There are two basic ways to store an unstructured content object – it may be stored as a file on the file system or in the database as a large object, or “LOB”.  Most database management systems distinguish between text-based, or “character large objects”, or CLOBs and “binary large objects”, or BLOBs.

In SQL Server, CLOBs formerly used the “text” or “ntext” datatype (ntext is for Unicode text) and BLOBs formerly used the “image” datatype, though these three types have all been deprecated and will be removed at some point in the future.  (As of SQL Server Denali, they are still present, so don’t worry – they aren’t going away tomorrow.)  The (relatively) new data types for SQL Server that were introduced in 2005 are varchar(max), nvarchar(max), and binary(max).  Each of these structures support data of up to 2147483647 bytes (231-1).

Let’s look at the considerations when choosing between file-based and BLOB-based storage.

  • Security. If all of your content is public, then there is no downside to storing it on the file system.  But if security is a concern, storing it in the database allows your database system to largely handle security for you.  (Obviously, it is still necessary to design your system correctly so that it cannot be exploited.)
  • Backups.
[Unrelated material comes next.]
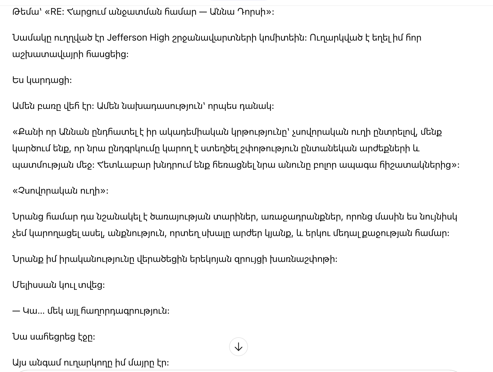 — Я только что получила утечку из совета Jefferson High… Email от Дорси, датированный 2010, о том, чтобы убрать имя Анны Дорси из доски выпускников, чтобы… “избежать путаницы касательно наследия семьи”.

Depending on the kind of unstructured content you are storing, it can potentially grow to be very large.  For example, color images from a digital camera could be 10 megabytes each, depending on quality, and can quickly dwarf everything else.  If your application is only storing content that never changes (e.g., a photography blog), then storing images in the database only makes backups pointlessly large.  (This can be mitigated somewhat by using multiple filegroups and performing full backups of the LOB filegroup less frequently.)
  • Speed. With web applications that serve very large files, storing them in the database causes the pointless extra step of retrieving them from the database when requested by a user.
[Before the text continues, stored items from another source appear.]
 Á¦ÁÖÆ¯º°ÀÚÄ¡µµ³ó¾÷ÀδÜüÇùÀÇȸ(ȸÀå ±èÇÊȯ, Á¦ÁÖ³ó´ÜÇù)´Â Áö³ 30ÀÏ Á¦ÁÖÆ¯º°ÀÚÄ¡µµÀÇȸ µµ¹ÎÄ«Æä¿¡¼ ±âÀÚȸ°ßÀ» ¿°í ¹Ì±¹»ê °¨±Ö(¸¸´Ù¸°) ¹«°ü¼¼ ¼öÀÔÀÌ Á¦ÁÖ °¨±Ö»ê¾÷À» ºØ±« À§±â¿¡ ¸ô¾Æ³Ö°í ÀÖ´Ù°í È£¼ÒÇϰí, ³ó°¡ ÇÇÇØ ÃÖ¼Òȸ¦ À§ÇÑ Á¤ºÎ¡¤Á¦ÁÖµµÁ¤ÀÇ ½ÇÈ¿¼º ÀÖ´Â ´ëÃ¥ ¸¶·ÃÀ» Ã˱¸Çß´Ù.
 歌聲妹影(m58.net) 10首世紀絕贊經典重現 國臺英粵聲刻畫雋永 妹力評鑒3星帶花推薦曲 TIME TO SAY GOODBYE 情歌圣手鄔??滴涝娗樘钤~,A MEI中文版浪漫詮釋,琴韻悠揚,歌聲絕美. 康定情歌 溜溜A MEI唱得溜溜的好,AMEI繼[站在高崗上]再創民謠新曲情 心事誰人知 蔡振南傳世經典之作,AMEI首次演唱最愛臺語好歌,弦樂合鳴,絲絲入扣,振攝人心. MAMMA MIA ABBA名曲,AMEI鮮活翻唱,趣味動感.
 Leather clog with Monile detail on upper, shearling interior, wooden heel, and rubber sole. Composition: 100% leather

SQL Server 2008 introduced an alternative to file or BLOB storage called FILESTREAM.  With FILESTREAM storage, BLOBs are physically stored as separate files, though they can be accessed through SQL as though they were database objects.  This storage method potentially relieves some of the limitations of file-based and BLOB storage.  Programmatically, FILESTREAM objects through SQL or they can use the API function OpenSqlFilestream and treat the object as though it were a file.
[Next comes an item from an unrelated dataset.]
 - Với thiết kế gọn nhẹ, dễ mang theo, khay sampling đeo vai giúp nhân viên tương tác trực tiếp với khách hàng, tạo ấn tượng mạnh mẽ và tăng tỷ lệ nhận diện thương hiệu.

Microsoft has an outstanding blog entry on FILESTREAM best practices.  As might be expected, accessing FILESTREAM objects through SQL is always slower than accessing internally stored BLOB objects in SQL.  But as objects start to group in size, FILESTREAM storage becomes the significantly faster option so long as you use the Win32 API (not SQL) to access them.  The “break even” point in their study, is approximately 1.5 MB – files below this size are more efficiently stored as varbinary(max) and files larger than this size are more efficiently stored using FILESTREAM.